A mediastinoscopy was done, and the lymph nodes sampled were negative for malignancy. A positron emission tomography scan was negative for primary malignancy elsewhere in the body. The patient's pneumonia worsened, and postobstructive necrotizing pneumonia developed despite treatment with broad-spectrum antibiotics.
A right pneumonectomy with mediastinal lymph node resection was done. The pneumonectomy specimen demonstrated a 6.5 × 4.5 × 4-cm mass surrounding the bronchus intermedius and extending to the right lower lobe. The tumor was diagnosed as an infiltrating synovial sarcoma involving the diaphragm and mediastinum, but the mediastinal lymph nodes and surgical margins were free of the tumor.
The specimen stained positive for vimentin, epithelial membrane antigen (EMA), cytokeratin antibody (AE1/AE3), smooth muscle actin, CK19, CD99, and BCL2. The specimen's histological appearance and strongly supportive immunohistochemistry confirmed the diagnosis of biphasic synovial sarcoma (Figure 3).
Figure 3 – Spindle cells (arrow) with positive cytokeratin staining can be seen in this histopathological specimen.

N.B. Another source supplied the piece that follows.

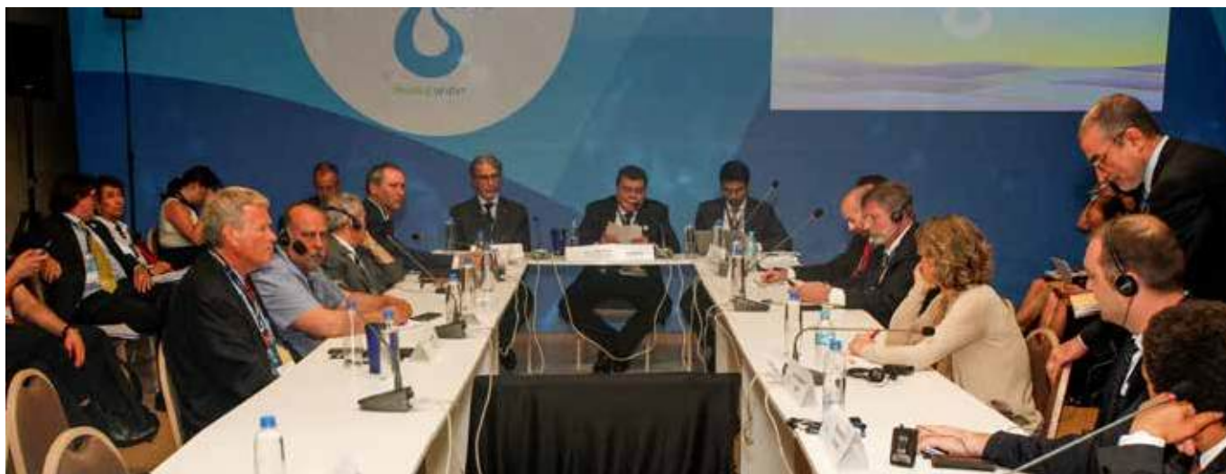
Участники круглого стола по климату на министерском уровне, модератор – Министр окружающей среды Бразилии Жозе Сарни Фило.

Министерская декларация под заголовком «Срочный призыв к решительным действиям по воде» явилась результатом обсуждения, проходившего на протяжении нескольких месяцев в преддверии 8-го Всемирного водного форума. Призывая все страны к срочным действиям по решению проблем водоснабжения и санитарии, Декларация определяет области, требующие конструктивных изменений, а именно:

The patient's postoperative course was uneventful, and he was discharged home. He is doing well after approximately 9 months of outpatient follow-up.
Discussion
Pulmonary sarcomas are divided into 4 categories: leiomyosarcomas, fibrosarcomas, hemangiopericytomas, and synovial sarcomas. Pulmonary sarcomas are usually parenchymal and metastatic in origin. Primary pulmonary synovial sarcoma is an extremely rare tumor that may arise from the lung parenchyma, bronchial tree, or pulmonary artery. This type of sarcoma was underdiagnosed before the use of immunohistochemistry and electron microscopy.